To stop the active packet capture:
.. opcmd::
sudo vppctl pcap trace off
Example output when stopping:
.. code-block:: none
Write 35 packets to /tmp/vpp_eth1.pcap, and stop capture...
**Important notes:**
- PCAP files are stored in ``/tmp/`` directory
- Files will be overwritten if they already exist
- If no filename is provided, default names are used: ``/tmp/rx.pcap``, ``/tmp/tx.pcap``, ``/tmp/rxandtx.pcap``
- Large captures can consume significant disk space - monitor available space
- Stop captures promptly to avoid filling up storage
Packet Tracing
==============
VPP packet tracing provides detailed information about how packets flow through the VPP processing graph, showing exactly which nodes process each packet and any transformations applied. Packet tracing is essential for understanding VPP's internal packet processing flow.
.. warning::
Tracing can generate a large amount of data, especially on high-traffic systems. Use it judiciously and limit the number of packets traced to avoid overwhelming the system.

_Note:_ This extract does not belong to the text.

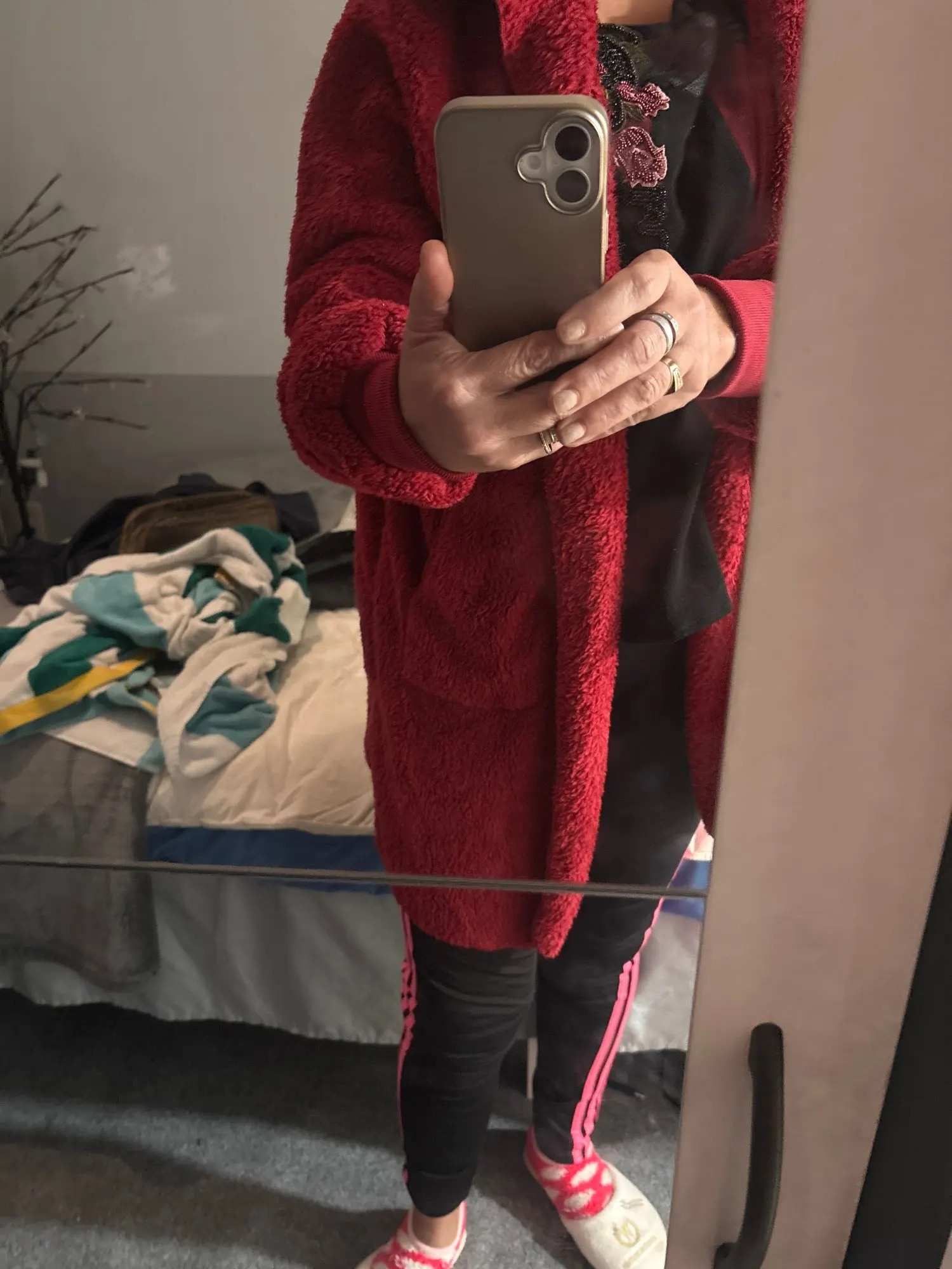 Double-fleece interior and exterior provide plush warmth and texture.

Basic Packet Tracing Commands
-----------------------------
Start tracing
^^^^^^^^^^^^^
To start tracing packets at a specific graph node:
.. opcmd::
sudo vppctl trace add <input-graph-node> <pkts> [verbose]
- ``<input-graph-node>`` - Name of the graph node to start tracing from (e.g., ``dpdk-input``, ``ethernet-input``, ``ip4-input``)
- ``<pkts>`` - Number of packets to trace (e.g., 100)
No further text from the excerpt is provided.